Control flow analysis

Control flow analysis is a static code analysis technique for determining the control flow of a program. The control flow is expressed as a control flow graph (CFG).

For many languages, the control flow of a program is explicit in a program's source code. As a result, control-flow analysis implicitly usually refers to a static analysis technique for determining the receiver(s) of function or method calls in computer programs written in a higher-order programming language.

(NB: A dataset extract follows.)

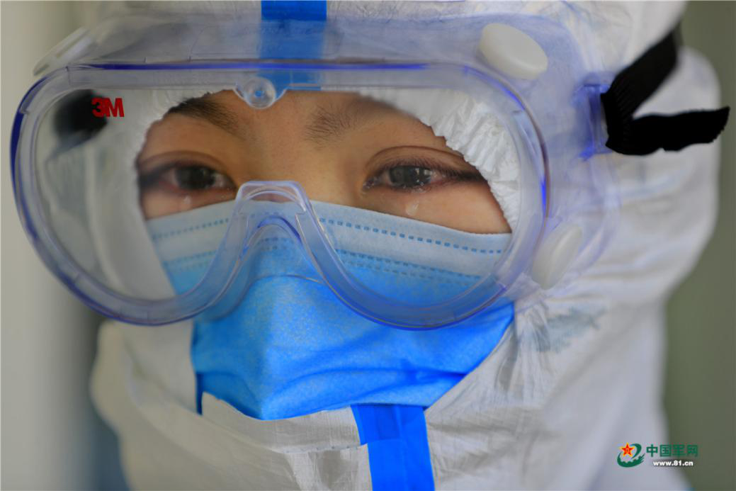 1月27日,中部战区总医院支援武汉肺科医院医疗队护士,因为长时间佩戴因消毒而刺眼的护目镜,流下了眼泪。王皓宇 摄

For both functional programming languages and object-oriented programming languages, the term CFA refers to an algorithm that computes control flow.

The term control flow analysis was introduced independently by Neil D. Jones[1] and Olin Shivers[2].

In a programming language like Scheme, the target of a function call may not be explicit. For example in the isolated expression:

(lambda (f) (f x))

it is unclear to which procedure f may refer. To determine the possible targets, a control-flow analysis must consider where this expression could be invoked, and what argument it may receive.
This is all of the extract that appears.